Data records:
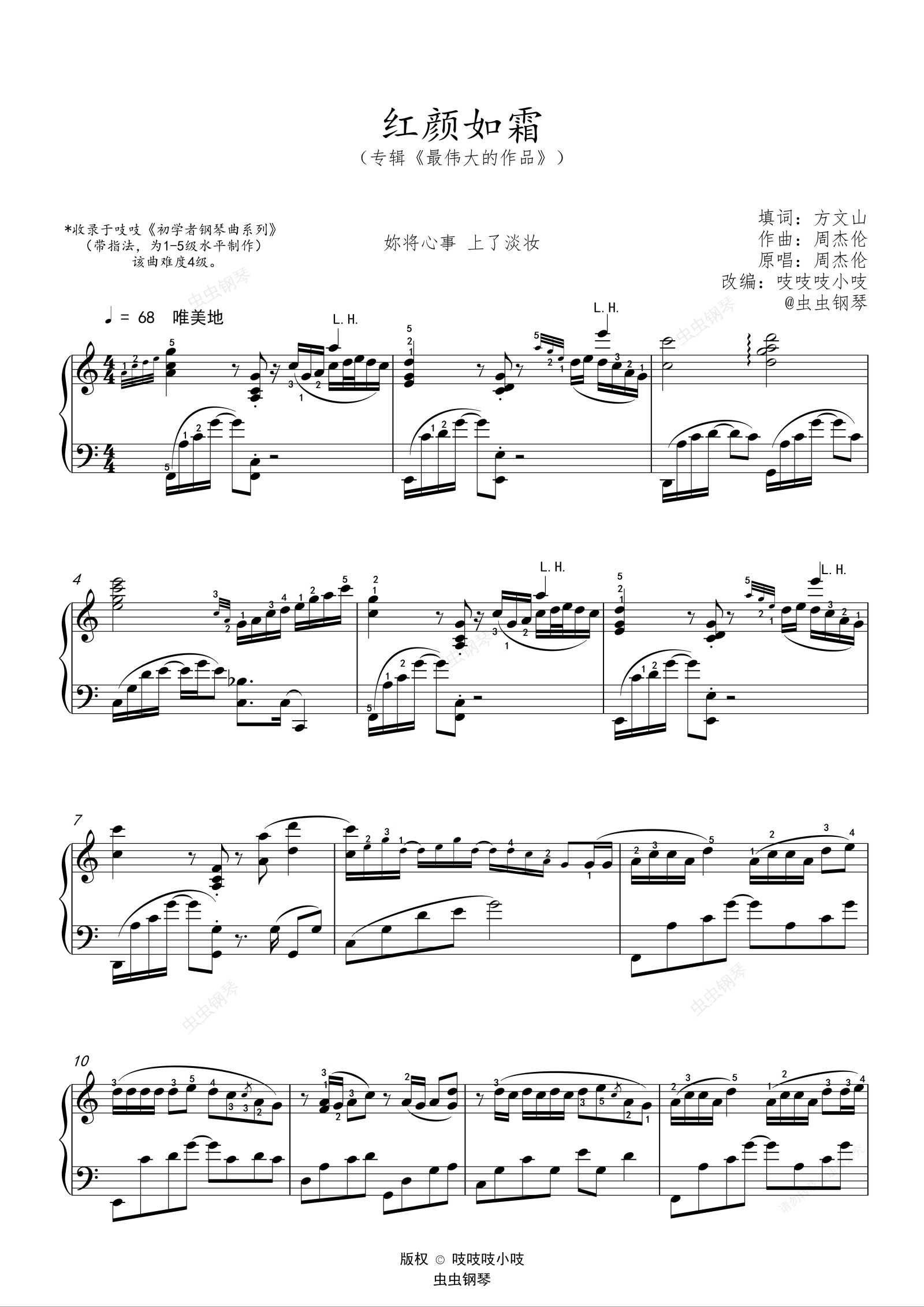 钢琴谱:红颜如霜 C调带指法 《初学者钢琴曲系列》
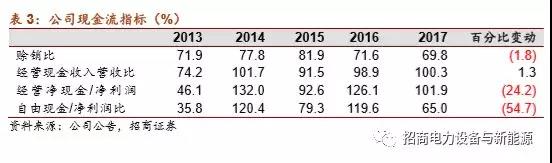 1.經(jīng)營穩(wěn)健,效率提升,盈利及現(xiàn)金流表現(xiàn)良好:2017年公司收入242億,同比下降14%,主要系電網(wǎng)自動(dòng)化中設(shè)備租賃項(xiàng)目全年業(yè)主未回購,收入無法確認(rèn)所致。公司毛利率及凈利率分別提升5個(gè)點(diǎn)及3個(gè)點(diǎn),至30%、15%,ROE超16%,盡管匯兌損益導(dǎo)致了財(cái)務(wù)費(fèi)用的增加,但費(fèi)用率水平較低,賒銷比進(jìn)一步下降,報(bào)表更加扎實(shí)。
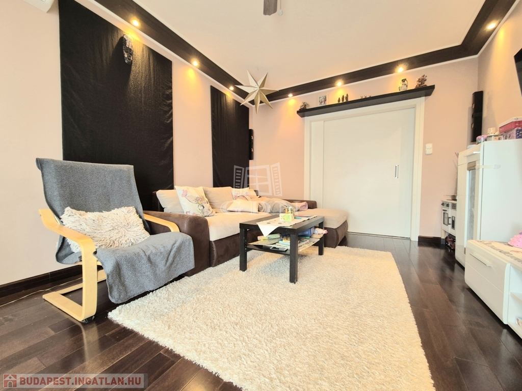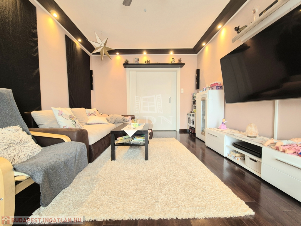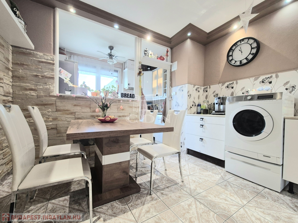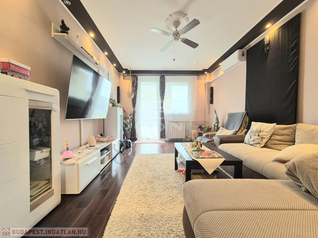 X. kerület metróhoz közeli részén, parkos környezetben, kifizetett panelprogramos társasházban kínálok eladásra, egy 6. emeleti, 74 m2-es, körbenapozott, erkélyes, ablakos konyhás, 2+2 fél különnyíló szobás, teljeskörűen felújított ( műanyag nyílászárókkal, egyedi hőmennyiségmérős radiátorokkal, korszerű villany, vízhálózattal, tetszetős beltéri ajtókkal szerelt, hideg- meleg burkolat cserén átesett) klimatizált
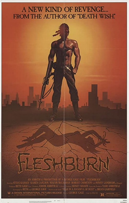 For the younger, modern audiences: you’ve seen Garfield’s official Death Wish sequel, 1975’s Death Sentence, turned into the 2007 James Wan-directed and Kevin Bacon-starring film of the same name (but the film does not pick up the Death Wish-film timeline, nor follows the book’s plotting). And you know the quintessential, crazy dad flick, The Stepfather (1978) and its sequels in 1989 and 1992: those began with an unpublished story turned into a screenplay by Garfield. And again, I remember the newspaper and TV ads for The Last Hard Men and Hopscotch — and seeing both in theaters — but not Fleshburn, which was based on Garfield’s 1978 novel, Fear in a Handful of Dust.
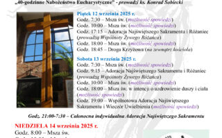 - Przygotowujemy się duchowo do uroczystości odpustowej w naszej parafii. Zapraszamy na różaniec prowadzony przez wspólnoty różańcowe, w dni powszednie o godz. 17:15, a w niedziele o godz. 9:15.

→ WHAT THE EXERCISE ASKS
Copy out nothing but the lines from the beginning of the records through the one that contains "X. kerület metróhoz". Skip the pictures.

→ OUTPUT OF THE EXERCISE
 钢琴谱:红颜如霜 C调带指法 《初学者钢琴曲系列》
 1.經(jīng)營穩(wěn)健,效率提升,盈利及現(xiàn)金流表現(xiàn)良好:2017年公司收入242億,同比下降14%,主要系電網(wǎng)自動(dòng)化中設(shè)備租賃項(xiàng)目全年業(yè)主未回購,收入無法確認(rèn)所致。公司毛利率及凈利率分別提升5個(gè)點(diǎn)及3個(gè)點(diǎn),至30%、15%,ROE超16%,盡管匯兌損益導(dǎo)致了財(cái)務(wù)費(fèi)用的增加,但費(fèi)用率水平較低,賒銷比進(jìn)一步下降,報(bào)表更加扎實(shí)。
 X. kerület metróhoz közeli részén, parkos környezetben, kifizetett panelprogramos társasházban kínálok eladásra, egy 6. emeleti, 74 m2-es, körbenapozott, erkélyes, ablakos konyhás, 2+2 fél különnyíló szobás, teljeskörűen felújított ( műanyag nyílászárókkal, egyedi hőmennyiségmérős radiátorokkal, korszerű villany, vízhálózattal, tetszetős beltéri ajtókkal szerelt, hideg- meleg burkolat cserén átesett) klimatizált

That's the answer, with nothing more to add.